> **RECORD EXCERPTS**
BEGIN

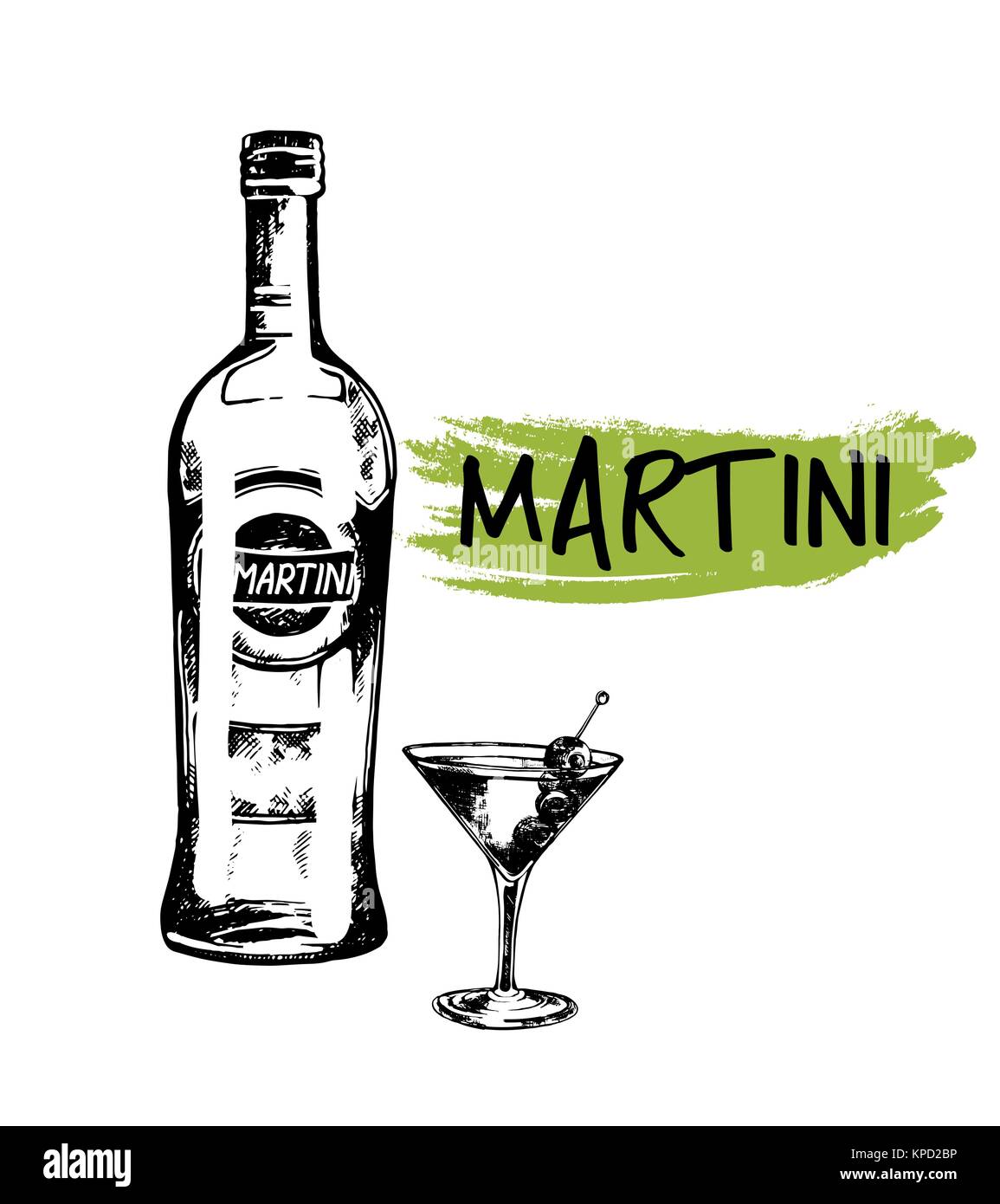 Set Of Hand Drawn Sketch Style Bottle Of Vermouth And Martini
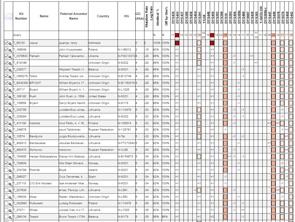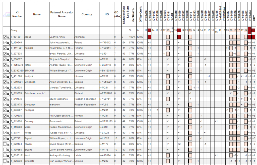 Поиск STR-совпадений в базе STR Match Finder помогает найти потенциальных родственников по мужской линии среди других протестированных из той же популяции. Мерой близости при этом служит генетическая дистанция, зависящая от числа мутационных различий
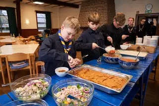 Wir haben den Anspruch, für Kinder und Jugendliche so zu kochen, dass sie Freude am Essen haben – und das mit frischen Zutaten aus der Region, die saisonal und biologisch angebaut wurden. Diese Selbstverpflichtung hat sich der BdP vor über 20 Jahren selbst in seiner Ernährungscharta gegeben. Auf Lebensmittelunverträglichkeiten wird genauso eingegangen wie auf besondere Wünsche – mit wenig Fleisch, viel Gemüse und ganz viel Liebe und Herzblut zum Handwerk. Und das klappt so gut, dass die Kinder zum Dank auch mal ein Ständchen für den Koch singen.
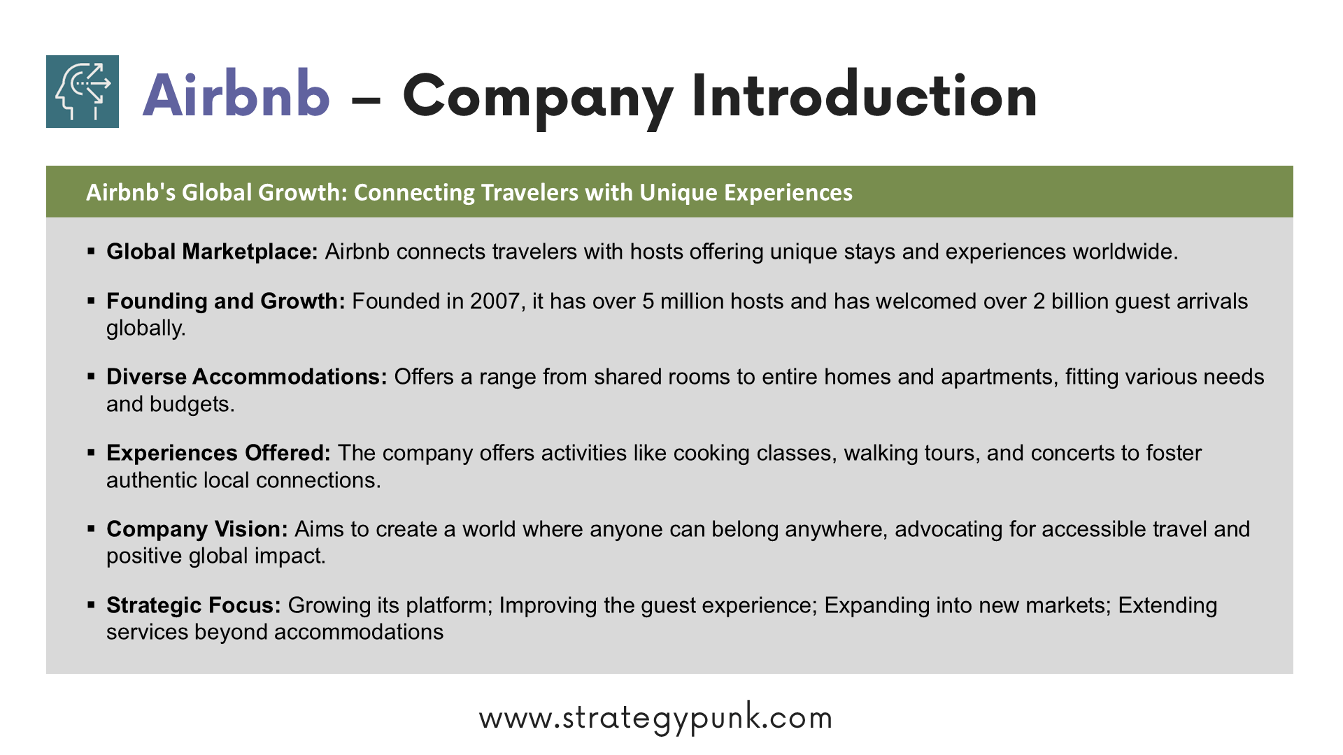 Airbnb's strategy is focused on growing its platform, improving the guest experience, expanding into new markets, and expanding beyond accommodations. The company is well-positioned for continued growth in the years to come.
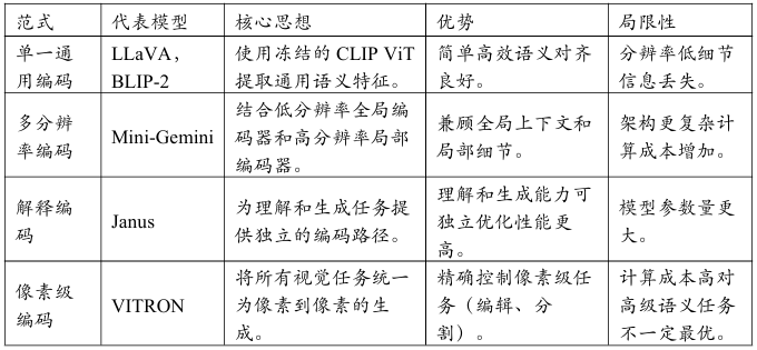 LLM是多模态模型的“大脑”视觉编码器(Visual Encoder)是其“眼睛”。视觉编码器的核心任务是将输入的图像或视频帧转换为一系列LLM能够理解的特征向量。其设计的优劣直接决定了模型能够从视觉世界中汲取信息的深度和广度。其演进过程反映了研究界对于如何提取更丰富、更灵活、更适应下游任务的视觉表示的持续探索大致经历了从“单一通用特征”到“多分辨率协同”再到“任务导向解耦”的演进路径。
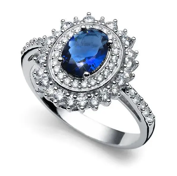 Elegantan ženski prsten sa plavim i belim Swarovski kristalima. Pogodan za nošenje u svečanim prilikama.
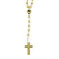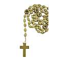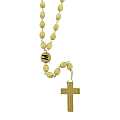 Il rosario ha i grani tondi in legno color naturale con legatura in ottone argentato e croce in legno che misura cm. 3
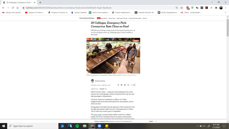 The virus crisis is testing China’s ability to feed its 1.4 billion people, one of the Communist Party’s proudest achievements. Cooped up at home and fearful that the epidemic could last weeks or even months, families across China are hoarding provisions, making it harder for shops and supermarkets to keep fresh food in stock. Many places have closed off roads to passing traffic, slowing truck shipments and raising freight costs.
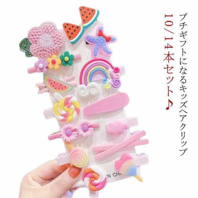 | プチギフトになるキッズヘアクリップ10/14本セット♪ ポンポンキャンディーやお星さまモチーフ、虹、花、果物の可愛いヘアアクセサリーセット。 すべらないクリップパット付き。 子ども用プレゼントにも。 プチギフトになるキッズヘアクリップ14本セット。 色使いもデザインも可愛く、洋服とも合わせやすくて重宝してます。 合わせて使ったり、お友達や姉妹で色違いも可愛いですよ。 | |
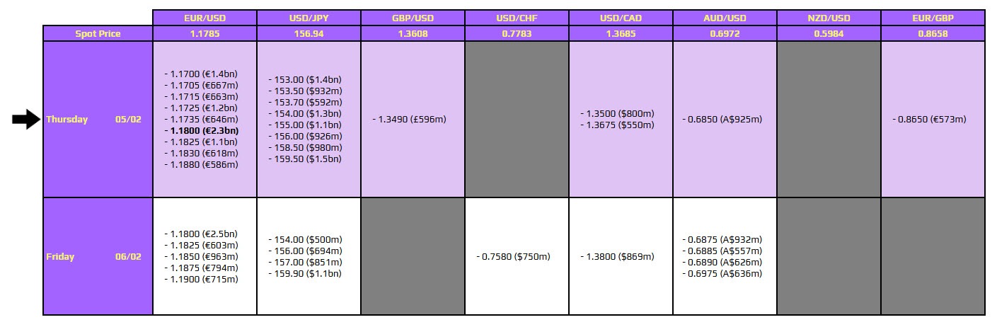 Daily FX Options Expiring by 10 AM New York Cut
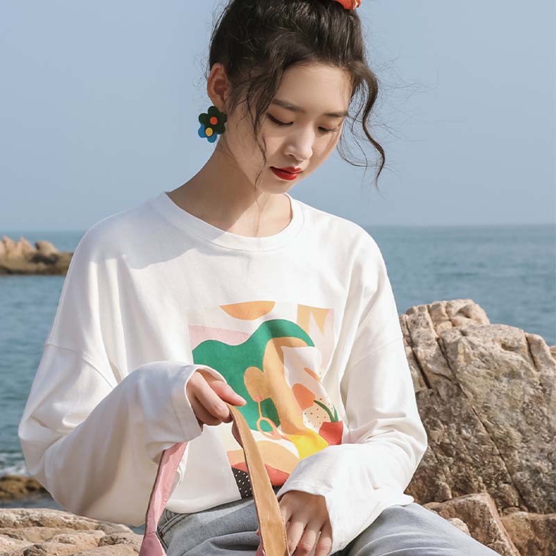 캐주얼 퓨어 코튼 유화 프린트 티셔츠 여성용 루즈한 한국식 올매치 화이트 라운드넥 긴팔 언더셔츠 in 트렌디

END

> **YOUR ASSIGNMENT**
Only the lines from the line with "Daily FX Options" through the closing line of the data, both included, should be set down, exactly as written and without pictures.

> **TASK RESULT**
 Daily FX Options Expiring by 10 AM New York Cut
 캐주얼 퓨어 코튼 유화 프린트 티셔츠 여성용 루즈한 한국식 올매치 화이트 라운드넥 긴팔 언더셔츠 in 트렌디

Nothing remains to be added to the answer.